Much like the night before a big trip, the anxiety kept me from falling into a deep sleep. The wake up call at 5:30 am was not a surprise. I had all my gear lined out, and was out of the tent early. Eggs over easy on dry toast… at this altitude I can not seem to eat very much.
The hike will be split into 4 parts
- Ranger hut up over the first wall – the steepest part
- Walking over the loose rocks and scree to stella point – the longest part that seems never ending
- Stella point to the summit – a short gradual incline
- Celebration at the summit and then walk all the way back down
We make the first Wall with our normal quick pace and ease of breath. When we turn to look behind us, we can see the whole camp. But in front of us there is a moonscape of dirt, straight uphill, for what looks like a million miles. We march in single file, behind Urio (who is not chatting on this portion), heads down, pole pole up we go. One step at a time. Don’t look left, right or up. Peer down at your feet to avoid the rocks that trip you. The trail is a winding switch back through rocks, the trail is a fine dirt loaded with stones. Volcanic Ash. It gets everywhere. I’m glad I have a buff to put over my nose to help keep the dust out. At about 8:00 am we start to see climbers coming in the opposite direction – they are the ones that did not make it to the summit. There are only about 5.
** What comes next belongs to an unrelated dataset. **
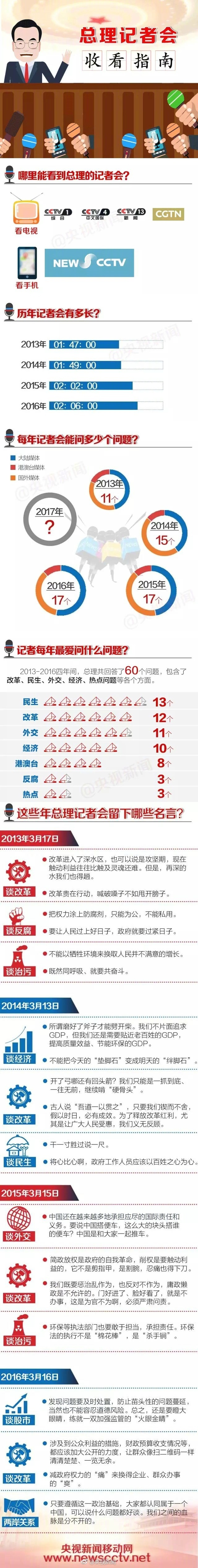 李克強今天上午會見中外記者 收好這份收看指南 2017-03-15 3月15日,李克強總理今天上午會見中外記者,@央視新聞 特地整理一份份收看指南!記者們最關心什麼問題,看總理記者會又有哪些門道?一看便知道。

At about 9 am we see a solitary woman outpacing her guide. We recognize her from another group, as we have chatted on the trail previously. She stops when she reaches us, “Oh My God, whatever you do, do not look up! I know you feel like it is impossible, but you will make it. But what you see there, that is not the top, you still have to go further. I made it to the summit, took a photo and said get me the #^@& off this mountain, turned around and got outta there. I left the rest of my group up there.” We passed the balance of her group about 30 minutes later.
At about 16,500 ft we take a break and Kerry is feeling out of breath. We start climbing again, but Kerry is having an asthma attack, and cannot breath. Panic is weird – at first you are frozen – you cannot process what is happening quick enough so you just stand there. But the Guides and Hamisi are at her side immediately – I don’t even see where the oxygen canister came from – but she is breathing O2 and normalizing her breath. In 10 minutes she is better. She wants to continue, so we go on. They call down the mountain to have Justin join us. He carries Kerry’s pack for the balance of the climb. We look at each other and she must see the worry on my face – she assures me she is ok and wants to continue.
Kerry’s second attack comes about an hour later. Same routine, same break, Kerry still wants to go on. I start calculating time. This portion has taken us longer than normal. It is the only portion that we have been super slow. The weather is turning cold and the clouds are catching up. I’m afraid that our summit view will be obscured, and start to bargain with God (don’t we all from time to time?) for some sun and a good view at the summit.
All in all we trudged up that dusty mountain face for 5.5 hours below Stella Point. You have nothing to do but look at the trail, the shoes in front of you, and the rocks. You watch your step. You start to count but after awhile you realize that is not a good idea. This is where most people say bring an iPod loaded with tunes. I start to go over the events of the past year, as it has been a stressful one. This helps. I go over each event, I try to put the year in order, I am re-affirming that a little climb up a hill is nothing in comparison to the trials my husband is facing with his health. I go into my meditative mode, going over all the events that make me angry, and talking myself through the anger, into acceptance, into peace with my life. This is why I hike, run, challenge myself.
We finally are at Stella Point and it starts to snow. We are all putting on jackets and rain gear. We have our FINAL box lunch of an odd assortment of food. This time I leave the fruit and eat the cookies! We look up and can see the summit. So we start again, in the cold mist and snow, past the glaciers, along the ridge, looking into the crater on our right.
And then we are there – Summit. Its sunny, warm, and we can see the glaciers on our left, the crater on the right. It’s beautiful. We take pictures, I call Wayne to tell him I love him and to let him know we made summit. I take my celebratory swig of Whiskey! I cannot believe I make it to the top. The whole purpose of the tip has been fulfilled. It was hard, cold, uncomfortable, and challenging and now it is all over. Or, at least all downhill.
After 20 minutes on the summit, we depart. We were the only group up there save one other hiker and guide. The walk back to Stella point is easy. The balance is harder than I expected. The trail turns back into that volcanic dirt/dust and scree. You sink into it as your foot slides downhill with each step. You turn into each step to control the sliding. Its 2.5 hours of sliding through the dirty, bone jarring dust. I put my buff over my nose and mouth to avoid inhaling the dust – which I estimate would be a full cup of dust in my lungs without that precaution.
When we arrive back to Barafu camp, we all rush to clean up. Then a light dinner and we all fall exhausted into bed.